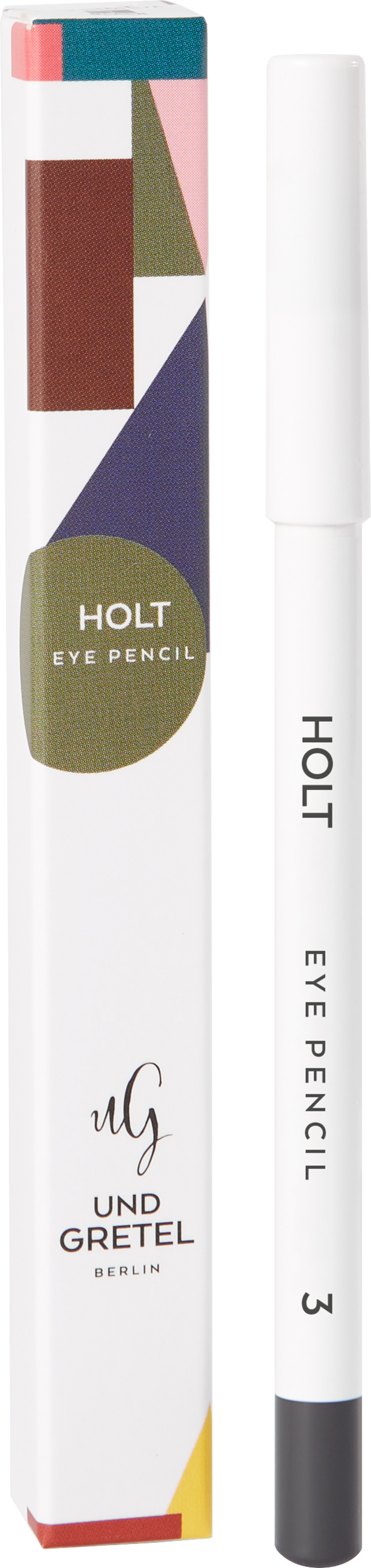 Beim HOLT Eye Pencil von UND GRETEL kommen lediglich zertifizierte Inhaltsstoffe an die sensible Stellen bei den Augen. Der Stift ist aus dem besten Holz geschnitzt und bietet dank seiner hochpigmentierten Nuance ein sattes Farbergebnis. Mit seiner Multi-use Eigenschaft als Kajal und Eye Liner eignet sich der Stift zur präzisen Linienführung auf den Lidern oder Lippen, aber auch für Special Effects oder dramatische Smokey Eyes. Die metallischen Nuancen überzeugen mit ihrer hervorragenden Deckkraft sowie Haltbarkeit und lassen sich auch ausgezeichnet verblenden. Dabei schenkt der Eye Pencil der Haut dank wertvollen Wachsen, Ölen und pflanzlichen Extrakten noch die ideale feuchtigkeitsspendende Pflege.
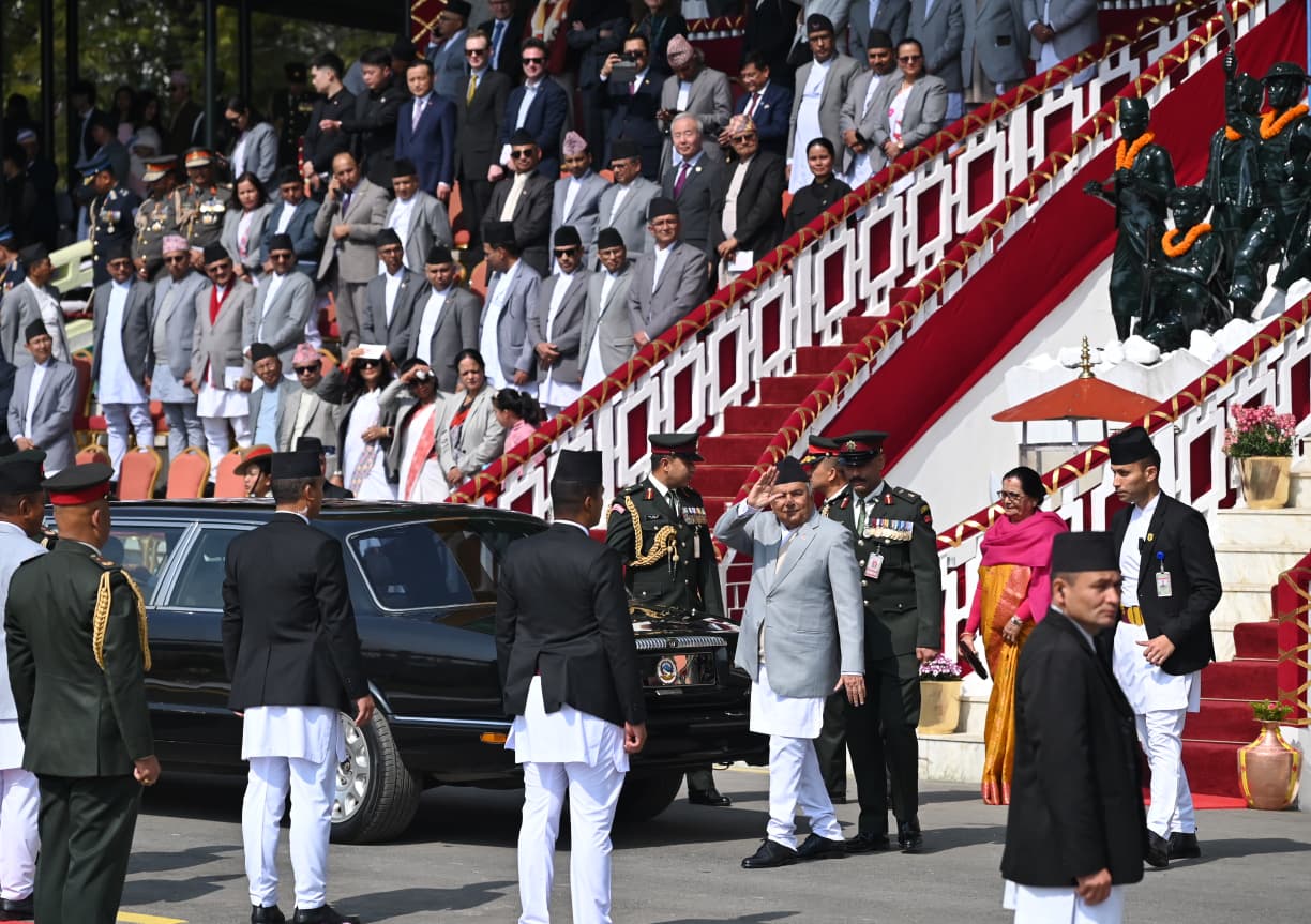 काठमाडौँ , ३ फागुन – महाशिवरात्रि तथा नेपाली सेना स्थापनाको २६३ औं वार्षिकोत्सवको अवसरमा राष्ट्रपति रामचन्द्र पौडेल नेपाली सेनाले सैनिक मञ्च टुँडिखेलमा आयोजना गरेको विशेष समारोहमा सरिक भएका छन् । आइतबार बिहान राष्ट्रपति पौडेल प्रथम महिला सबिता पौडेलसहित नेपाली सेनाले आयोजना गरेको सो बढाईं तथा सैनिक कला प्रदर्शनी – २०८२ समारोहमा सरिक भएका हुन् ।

══════

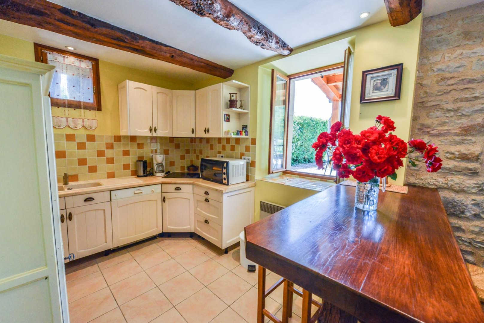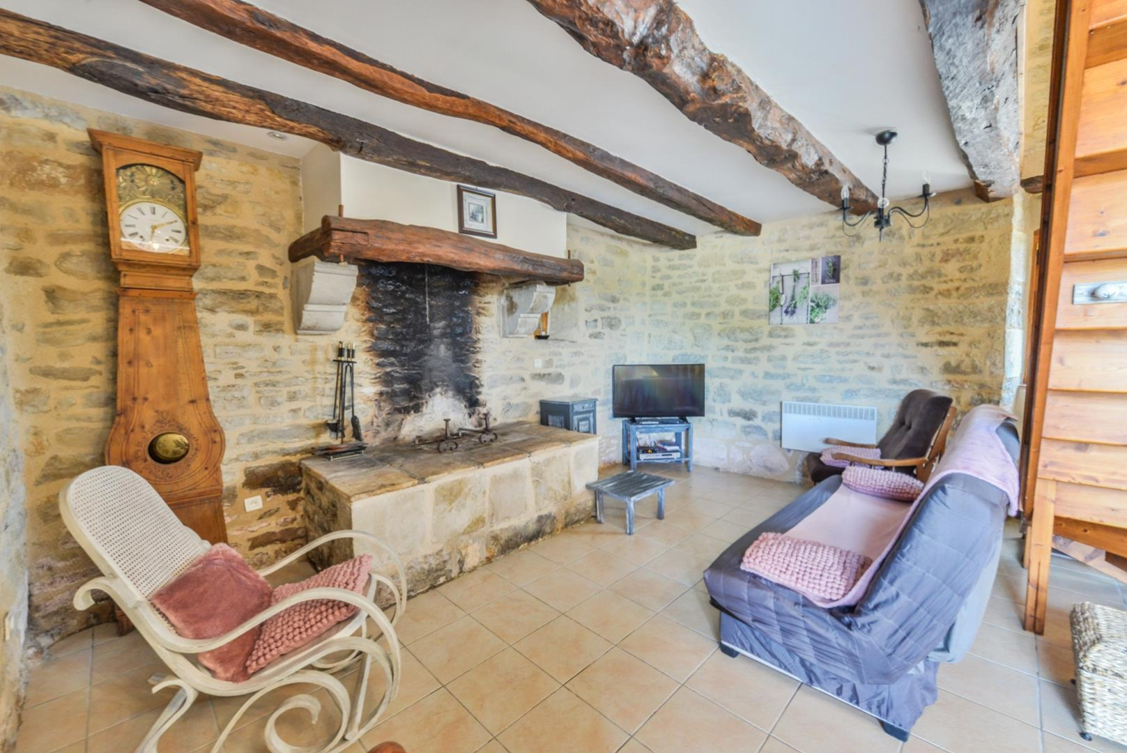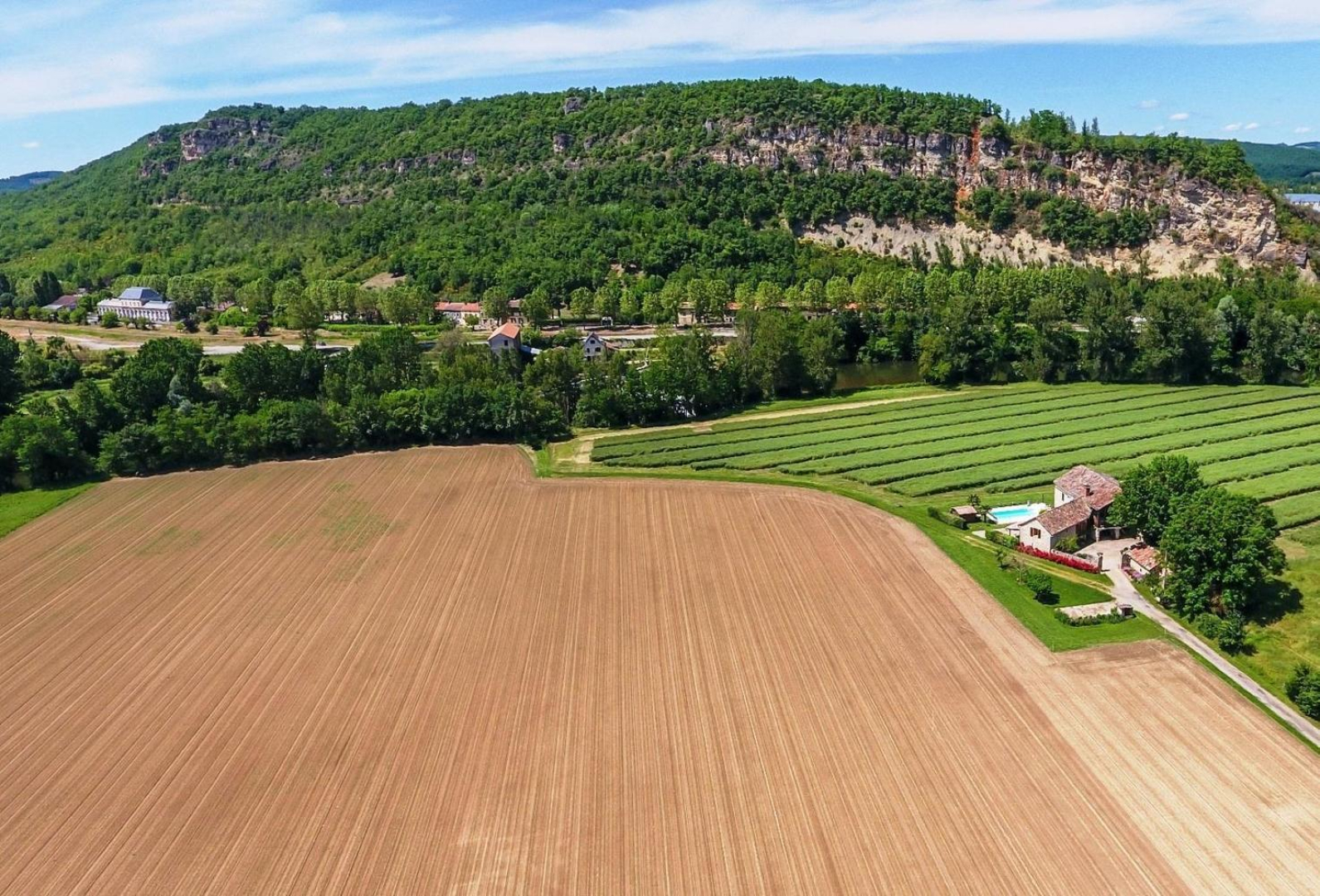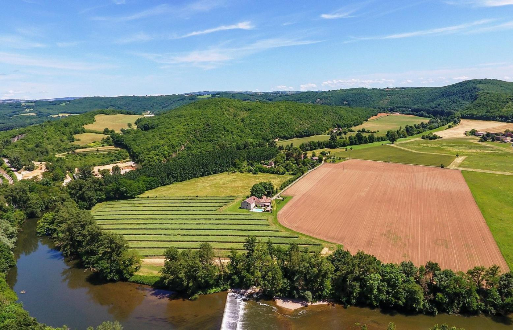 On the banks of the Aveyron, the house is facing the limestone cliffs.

══════

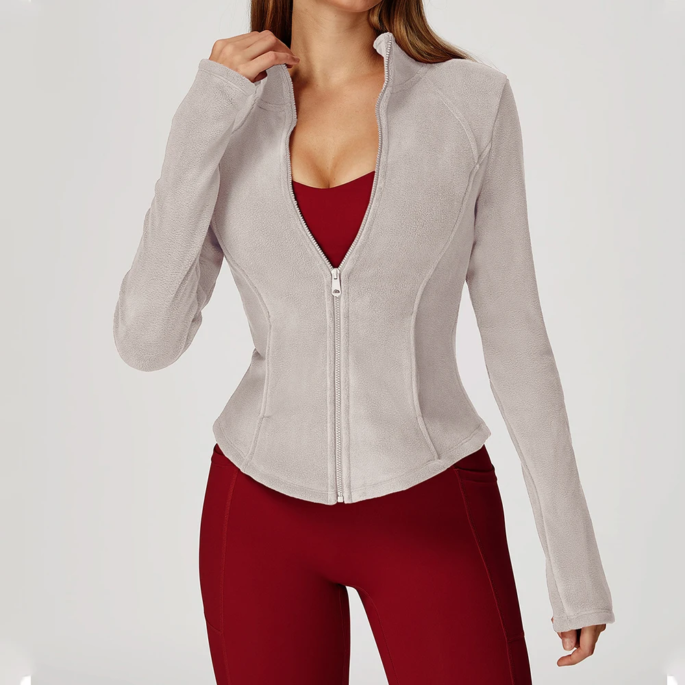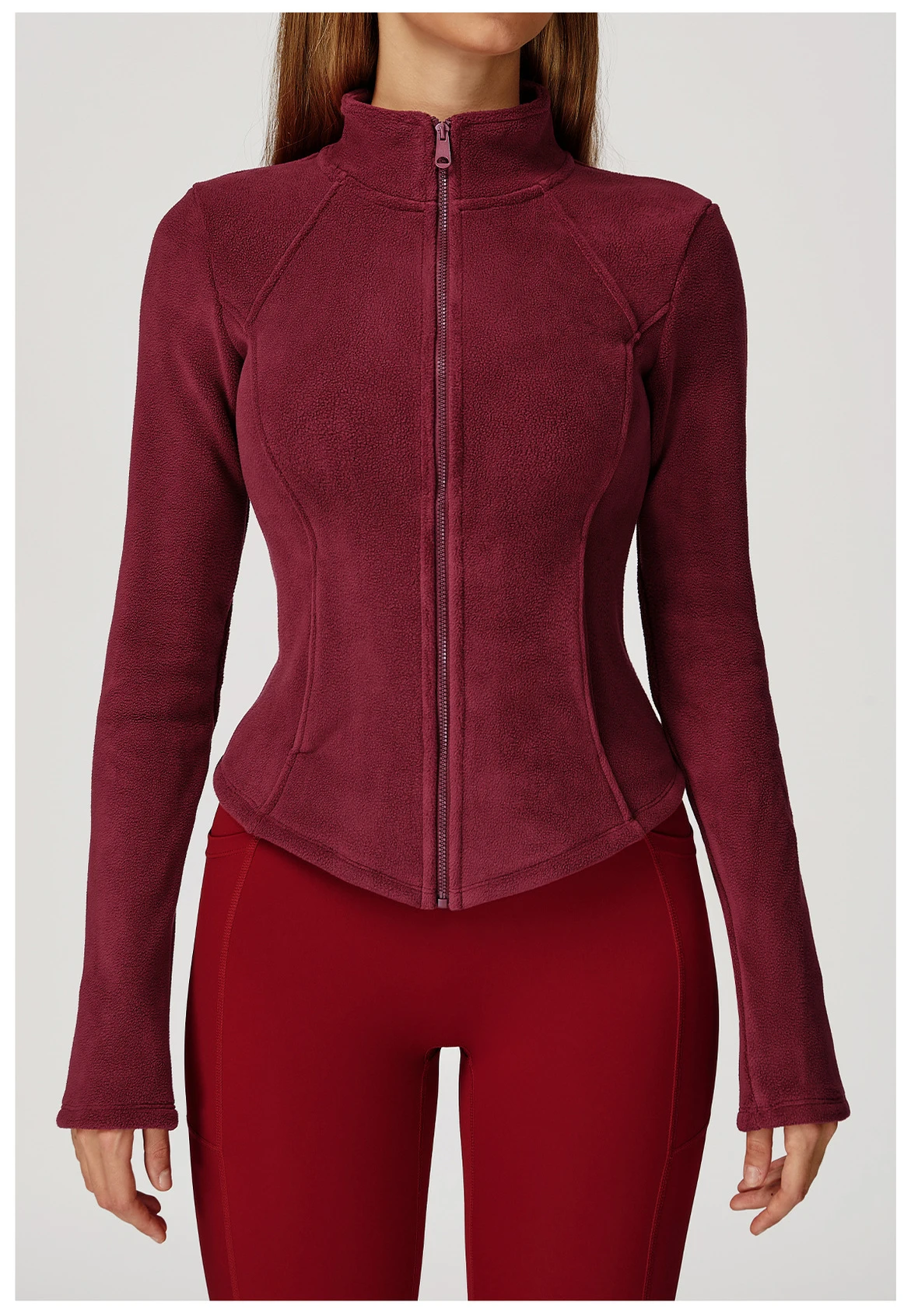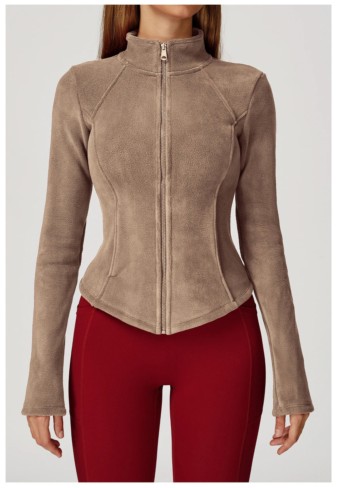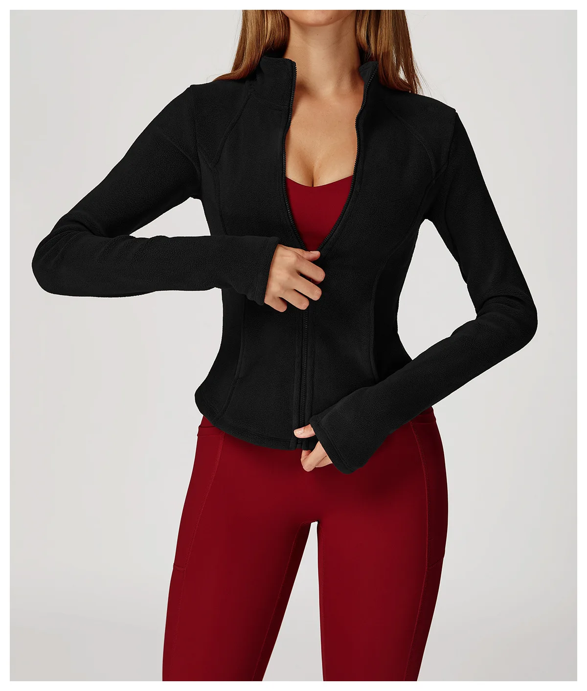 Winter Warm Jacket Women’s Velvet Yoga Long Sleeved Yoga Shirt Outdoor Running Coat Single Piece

══════

◆ **Prompt**:
The reply should hold the entries above from the line with "Beim HOLT Eye" to the line with "काठमाडौँ , ३", duplicated exactly, pictures excluded.

◆ **Response area**:
 Beim HOLT Eye Pencil von UND GRETEL kommen lediglich zertifizierte Inhaltsstoffe an die sensible Stellen bei den Augen. Der Stift ist aus dem besten Holz geschnitzt und bietet dank seiner hochpigmentierten Nuance ein sattes Farbergebnis. Mit seiner Multi-use Eigenschaft als Kajal und Eye Liner eignet sich der Stift zur präzisen Linienführung auf den Lidern oder Lippen, aber auch für Special Effects oder dramatische Smokey Eyes. Die metallischen Nuancen überzeugen mit ihrer hervorragenden Deckkraft sowie Haltbarkeit und lassen sich auch ausgezeichnet verblenden. Dabei schenkt der Eye Pencil der Haut dank wertvollen Wachsen, Ölen und pflanzlichen Extrakten noch die ideale feuchtigkeitsspendende Pflege.
 काठमाडौँ , ३ फागुन – महाशिवरात्रि तथा नेपाली सेना स्थापनाको २६३ औं वार्षिकोत्सवको अवसरमा राष्ट्रपति रामचन्द्र पौडेल नेपाली सेनाले सैनिक मञ्च टुँडिखेलमा आयोजना गरेको विशेष समारोहमा सरिक भएका छन् । आइतबार बिहान राष्ट्रपति पौडेल प्रथम महिला सबिता पौडेलसहित नेपाली सेनाले आयोजना गरेको सो बढाईं तथा सैनिक कला प्रदर्शनी – २०८२ समारोहमा सरिक भएका हुन् ।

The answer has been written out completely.